Datasets

sentence_transformers.datasets contains classes to organize your training input examples.

SentencesDataset

SentencesDataset is the main class to store training classes for training. For details, see training overview.

class sentence_transformers.datasets.SentencesDataset(examples: List[sentence_transformers.readers.InputExample.InputExample], model: <module 'sentence_transformers.SentenceTransformer' from 'd:\\dropbox\\doktor\\githubrepositories\\sentence-transformers\\sentence_transformers\\SentenceTransformer.py'>)

Dataset for smart batching, that is each batch is only padded to its longest sequence instead of padding all sequences to the max length. The SentenceBertEncoder.smart_batching_collate is required for this to work. SmartBatchingDataset does not work without it.

Create a new SentencesDataset with the tokenized texts and the labels as Tensor

:param examples

A list of sentence.transformers.readers.InputExample

Parameters

model – SentenceTransformerModel

ParallelSentencesDataset

ParallelSentencesDataset is used for multilingual training. For details, see multilingual training.

class sentence_transformers.datasets.ParallelSentencesDataset(student_model: <module 'sentence_transformers.SentenceTransformer' from 'd:\\dropbox\\doktor\\githubrepositories\\sentence-transformers\\sentence_transformers\\SentenceTransformer.py'>, teacher_model: <module 'sentence_transformers.SentenceTransformer' from 'd:\\dropbox\\doktor\\githubrepositories\\sentence-transformers\\sentence_transformers\\SentenceTransformer.py'>, batch_size: int = 8, use_embedding_cache: bool = True)

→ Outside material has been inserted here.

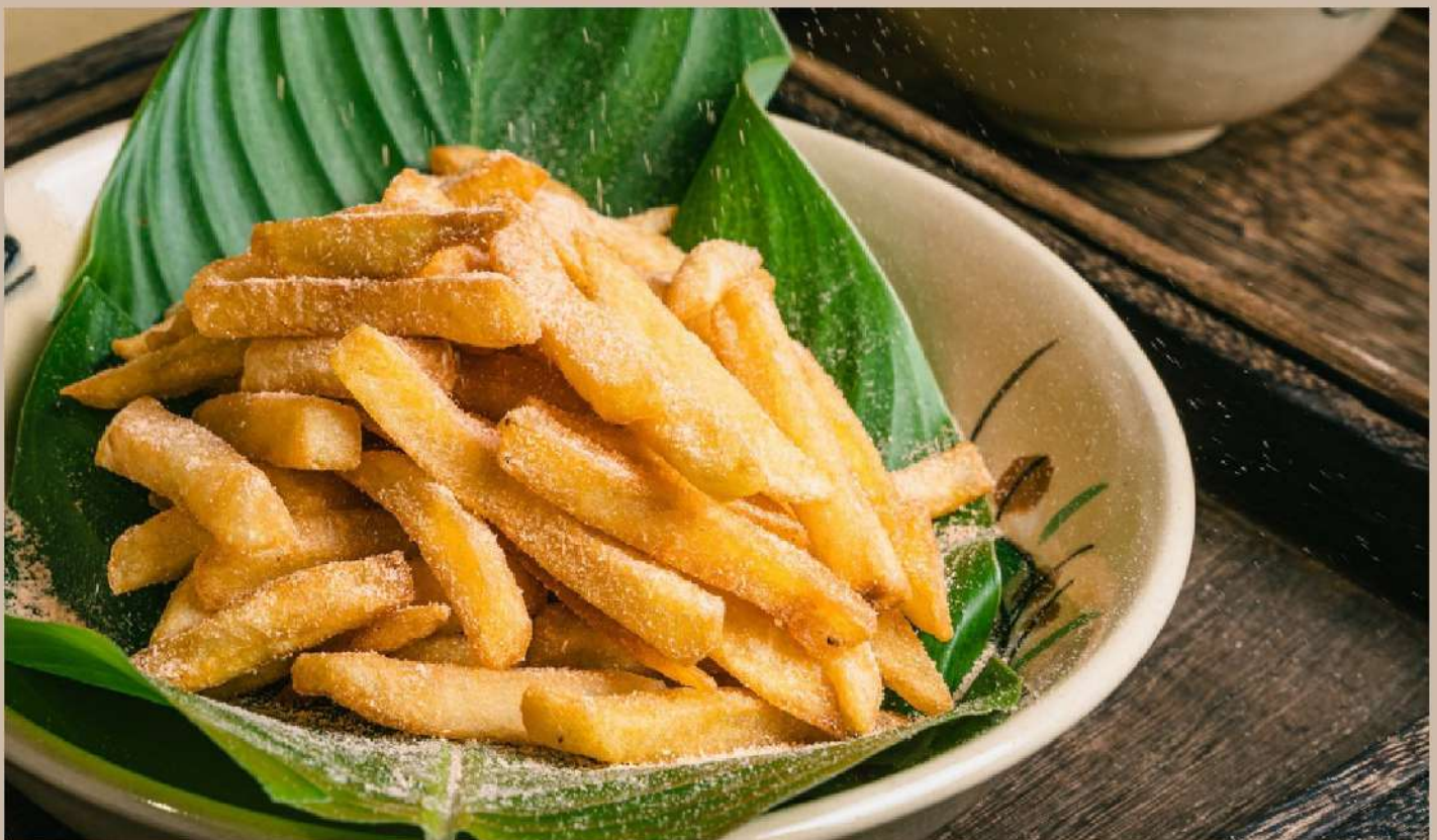
French fries with cheese powder

Khoai chiên rắc phô mai Potato, cheese powder

This dataset reader can be used to read-in parallel sentences, i.e., it reads in a file with tab-seperated sentences with the same sentence in different languages. For example, the file can look like this (EN DE ES): hello world hallo welt hola mundo second sentence zweiter satz segunda oración

The sentence in the first column will be mapped to a sentence embedding using the given the embedder. For example, embedder is a mono-lingual sentence embedding method for English. The sentences in the other languages will also be mapped to this English sentence embedding.

When getting a sample from the dataset, we get one sentence with the according sentence embedding for this sentence.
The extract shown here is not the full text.